Saturday, February 23, 2013

Travel campaign offers a brutal take on mob mentality — but is it for real?

The submission on Ads of The World says "JWT, Gurgaon, India" but I have to give the J. Walter Thompson Company the benefit of my skepticism. The campaign is courting controversy in such a ham-fisted and immature way.

Above, the Vancouver Stanley Cup Riot (mistakenly labelled "Football Riot") stands in for what Charles Mackay coined as "the madness of crowds". As an ad concept, it's tenuous at best, contrasting the idea of "individual travel plans" against mob mentality.

But the creative team of Bobby Pawar, Priti Kapur, Sayantan Choudhury, Sumeer Mathur
and Sumonto Ghosh didn't stop there.

They decided to go after American anti-abortionists:

Dog fights:

Toddlers in Tiaras:

Gun obsession:

And racism:

Pretty ballsy social commentary, but what does it have to do with selling travel?
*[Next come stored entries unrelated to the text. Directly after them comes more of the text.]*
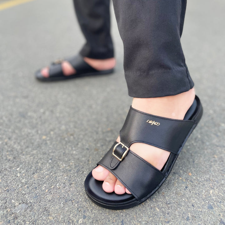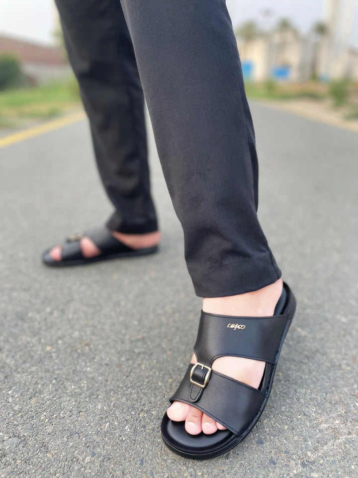 WS Pure leather Handmade MoccaStep Chappal WS-163 BLK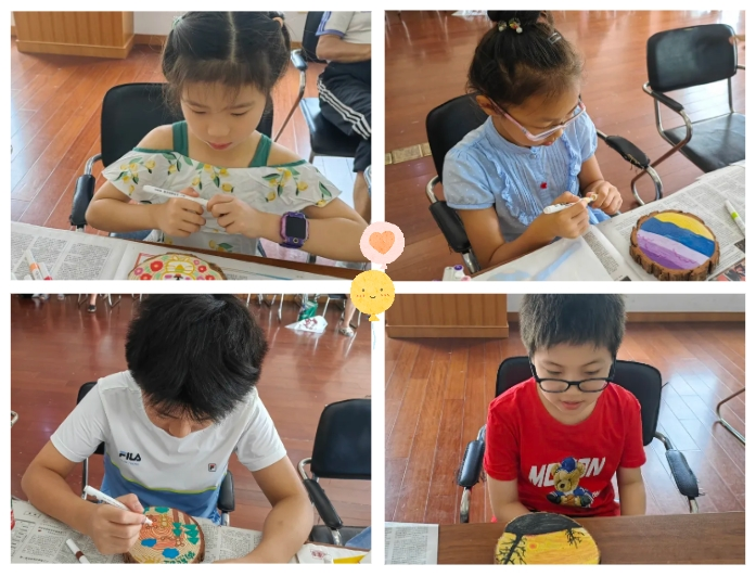 原木绘画看似简单,实则构图、上色等每一个环节都需精心雕琢,不容丝毫马虎。大家在原木上勾勒线条、涂抹色彩,将自然的纹理与自己的奇思妙想相融合。在学生们灵巧的双手下,熊出没的森林、蘑菇组成的奇幻世界、可爱的小兔子、充满未来感的机器人……一幅幅充满故事性和趣味性的美丽原木画作品应运而生。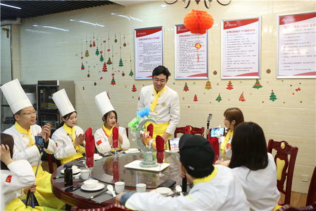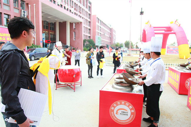 在综合楼前,新东方西点专业琳琅满目的毕业作品展吸引了主播们驻足欣赏与拍摄,被学子精湛的专业技能而折服。随着不远处霸气的鼓声响起,装满沙子重达十斤的铁锅在新东方学子手中瞬间完成推、拉、送、扬的动作,这整齐划一、气势磅礴的新东方基本功——“击鼓翻锅”顿时让刚入学的插班生们震惊万分。在随后东方盛宴的参观中,八大菜系与中华宴席的完美融合,不仅展示了新东方大师高超的烹饪技能,更是对中华传统宴席文化的沿袭与传承。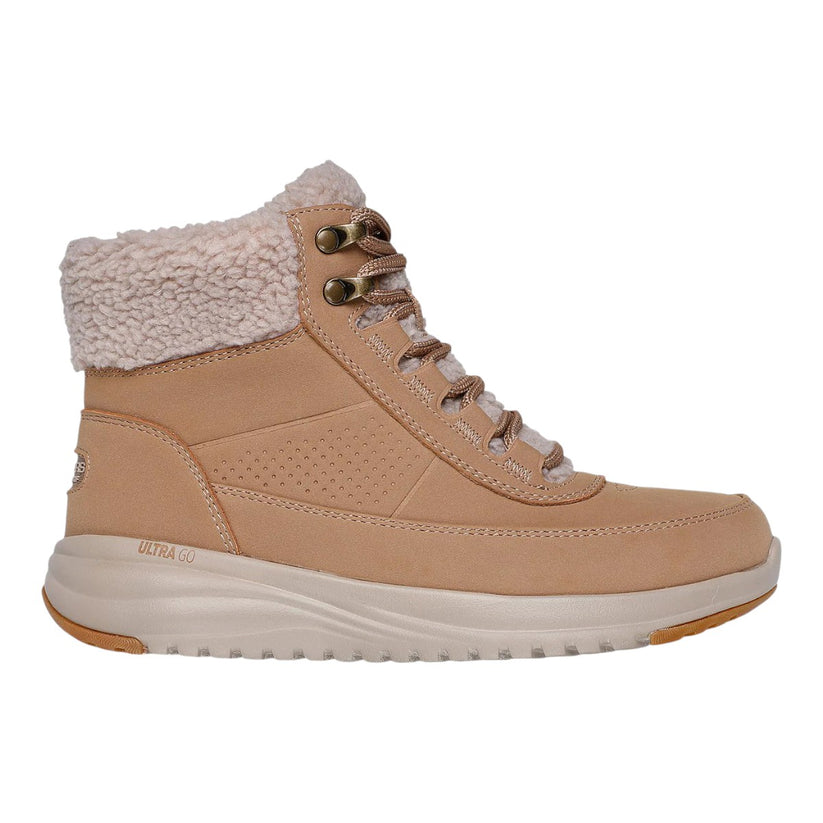 Oplev klassisk outdoor-stil kombineret med premium komfort i Skechers On-the-GO Stellar – Alpine Adventure. Denne vandtætte vandrestøvle er designet til at holde fødderne varme og tørre på kølige dage og giver samtidig den velkendte Skechers komfort. Overdelen er i nubucklæder og syntetisk materiale med bløde detaljer i kunstigt fåreskind, som tilføjer både varme og et hyggeligt udtryk.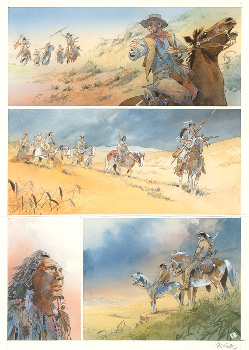 Dans la lignée d’Iroquois et de Frenchman, Patrick Prugne revient à ses sagas indiennes et à l’histoire coloniale américaine avec Cheyenne. Le récit se déroule en 1864 et retrace les événements qui ont mené au « massacre de Sand Creek ». Prugne nous plonge au cœur des grandes plaines, dans le vaste territoire des peuples autochtones, bafoué par des hordes de colons au mépris des traités censés garantir la préservation de leurs terres. L’exposition présentera des planches originales issues de l’album et des illustrations réalisées spécialement dans le cadre de cette huitième exposition avec Patrick Prugne. L’occasion de découvrir ou redécouvrir le très beau travail de ce maître de l’aquarelle qui retranscrit, au travers d’une éclatante palette de couleurs, les sublimes paysages des grandes plaines américaines.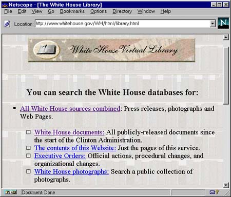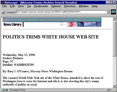 In our interview, Lytel emphasized his pride that the White House site was a governmental repository, not a political one; the White House Web presence is pointed to by the Republican Party, the U.S. House, and tens of thousands of other Web sites as a valuable information resource. Lytel recognized his place in history as the first White House webmaster, and he wanted to establish a tradition that the site would house a substantial collection of serious, more-or-less unbiased information.Unfortunately, the recent experience with the disappearance of the speech archive calls into question the wisdom of having a government agency maintain its own archive of news or historical materials. In this case, we have an Administration that is generally favorably disposed towards electronic dissemination of information: it is said that Clinton has never shied away from a podium -- and this is a sort of virtual podium. Some people credit Vice President Gore with coining the term "information superhighway."

All I get out of it is that Indian tourists should avoid North America at all costs. (Interestingly, Chariot India "journeys of discovery to India, Nepal and Bhutan, in South Asia," so maybe that was the idea all along.)

To me, this is another example of belief in the stupid old adage that there's "no such thing as bad publicity".  There is... for brands. It's the creative teams and agencies that really benefit from these "edgy" campaigns, as the ad community congratulates them for convincing someone else to pay for another self-serving attempt at notoriety.